From mboxrd@z Thu Jan  1 00:00:00 1970
Return-Path: <linux-kernel-owner@vger.kernel.org>
Received: (majordomo@vger.kernel.org) by vger.kernel.org via listexpand
        id S1753290AbdBIPMu (ORCPT <rfc822;w@1wt.eu>);
        Thu, 9 Feb 2017 10:12:50 -0500
Received: from mx1.redhat.com ([209.132.183.28]:52474 "EHLO mx1.redhat.com"
        rhost-flags-OK-OK-OK-OK) by vger.kernel.org with ESMTP
        id S1751836AbdBIPMs (ORCPT <rfc822;linux-kernel@vger.kernel.org>);
        Thu, 9 Feb 2017 10:12:48 -0500
Date: Thu, 9 Feb 2017 16:11:46 +0100
From: Radim =?utf-8?B?S3LEjW3DocWZ?= <rkrcmar@redhat.com>
To: Paolo Bonzini <pbonzini@redhat.com>
Cc: linux-kernel@vger.kernel.org, kvm@vger.kernel.org,
        "Wu, Feng" <feng.wu@intel.com>
Subject: Re: [PATCH 6/6] kvm: x86: do not use KVM_REQ_EVENT for APICv
 interrupt injection
Message-ID: <20170209151145.GK31091@potion>
References: <1482164232-130035-1-git-send-email-pbonzini@redhat.com>
 <1482164232-130035-7-git-send-email-pbonzini@redhat.com>
 <20170207195804.GA1473@potion>
 <d74d36b4-3376-2577-f81e-cb819e676fb4@redhat.com>
MIME-Version: 1.0
Content-Type: text/plain; charset=utf-8
Content-Disposition: inline
Content-Transfer-Encoding: 8bit
In-Reply-To: <d74d36b4-3376-2577-f81e-cb819e676fb4@redhat.com>
X-Greylist: Sender IP whitelisted, not delayed by milter-greylist-4.5.16 (mx1.redhat.com [10.5.110.28]); Thu, 09 Feb 2017 15:11:49 +0000 (UTC)
Sender: linux-kernel-owner@vger.kernel.org
List-ID: <linux-kernel.vger.kernel.org>
X-Mailing-List: linux-kernel@vger.kernel.org

2017-02-08 17:23+0100, Paolo Bonzini:
> On 07/02/2017 20:58, Radim Krčmář wrote:
>>> -	local_irq_disable();
>>> +	if (kvm_lapic_enabled(vcpu)) {
>>> +		/*
>>> +		 * This handles the case where a posted interrupt was
>>> +		 * notified with kvm_vcpu_kick.
>>> +		 */
>>> +		if (kvm_x86_ops->sync_pir_to_irr)
>>> +			kvm_x86_ops->sync_pir_to_irr(vcpu);
>> Hm, this is not working well when nesting while L1 has assigned devices:
>> if the posted interrupt arrives just before local_irq_disable(), then
>> we'll just enter L2 instead of doing a nested VM exit (in case we have
>> interrupt exiting).
>> 
>> And after reading the code a bit, I think we allow posted interrupts in
>> L2 while L1 has assigned devices that use posted interrupts, and that it
>> doesn't work.
> 
> So you mean the interrupt is delivered to L2?  The fix would be to wrap
> L2 entry and exit with some subset of pi_pre_block/pi_post_block.

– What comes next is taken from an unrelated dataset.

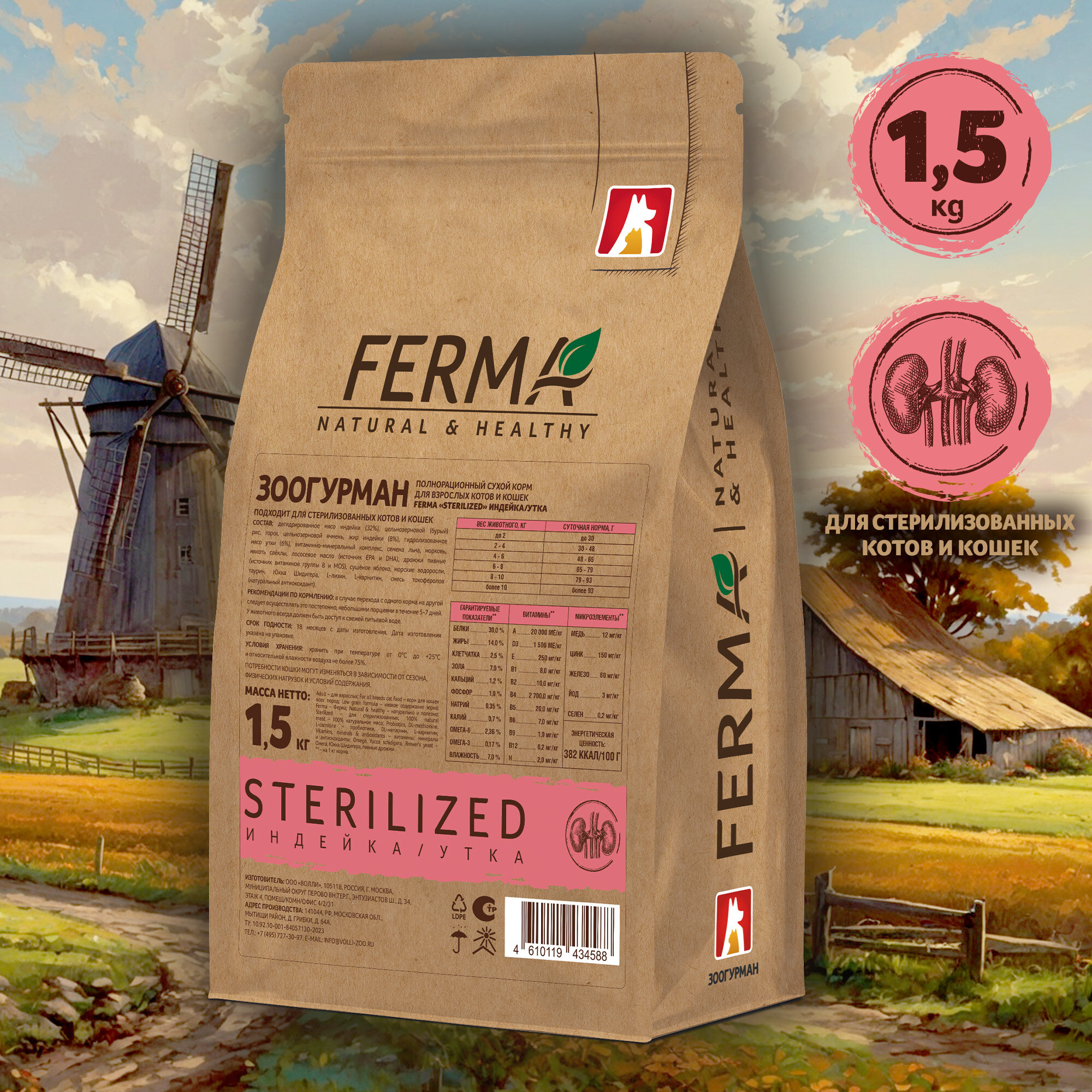 Купить Полнорационный сухой корм для взрослых котов и кошек Зоогурман, FERMA «STERILISED» Индейка/Утка 1,5 кг

I hope not, as their PI strucutres are separate, so we'd be just
delaying the interrupt injection to L1.  The CPU running L2 guest will
notice a posted notification, but its PIR.ON will/might not be set.
L1's PIR.ON will be set, but no-one is going to care until the next VM
exit.

I'll add some unit tests to check that I understood the bug correctly.

Changing the notification vector for L2 would be an ok solution.
We'd reserve a new vector in L0 and check L1's interrupts.  If it were
targetting a VCPU that is currently in L2 with a notification vector
configured for L2, we'd translate that vector into the notification
vector we set for L2 -- L1 could then post interrupts to L2 without a VM
exit.  And "posted" interrupts for L1 while in L2 would trigger a VM
exit, because the notification vector would be different.